→ **What to do**: With pictures excluded, output exactly the lines that run from the first line of the data below through the line containing "Blue Eyed Tiger".

→ **Records from a data source**:
# # # # # # #

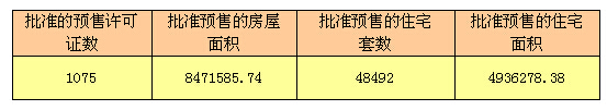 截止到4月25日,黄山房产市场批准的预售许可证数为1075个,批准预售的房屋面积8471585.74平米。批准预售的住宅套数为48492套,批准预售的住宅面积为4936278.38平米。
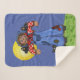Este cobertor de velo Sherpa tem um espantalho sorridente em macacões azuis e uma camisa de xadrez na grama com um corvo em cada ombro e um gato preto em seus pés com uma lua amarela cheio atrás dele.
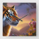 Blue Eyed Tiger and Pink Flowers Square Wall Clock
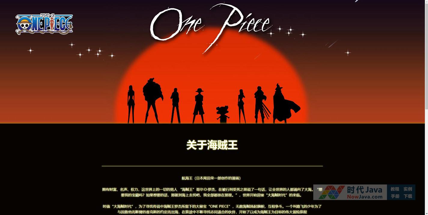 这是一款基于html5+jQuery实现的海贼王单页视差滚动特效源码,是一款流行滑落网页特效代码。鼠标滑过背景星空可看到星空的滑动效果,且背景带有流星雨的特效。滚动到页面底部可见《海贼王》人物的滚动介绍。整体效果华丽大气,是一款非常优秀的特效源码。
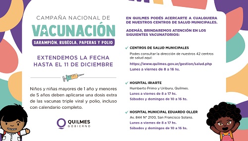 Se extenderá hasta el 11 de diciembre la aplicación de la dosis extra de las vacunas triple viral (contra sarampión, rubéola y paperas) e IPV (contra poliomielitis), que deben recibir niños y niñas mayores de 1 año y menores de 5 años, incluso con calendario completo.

# # # # # # #

→ **Response area**:
 截止到4月25日,黄山房产市场批准的预售许可证数为1075个,批准预售的房屋面积8471585.74平米。批准预售的住宅套数为48492套,批准预售的住宅面积为4936278.38平米。
Este cobertor de velo Sherpa tem um espantalho sorridente em macacões azuis e uma camisa de xadrez na grama com um corvo em cada ombro e um gato preto em seus pés com uma lua amarela cheio atrás dele.
 Blue Eyed Tiger and Pink Flowers Square Wall Clock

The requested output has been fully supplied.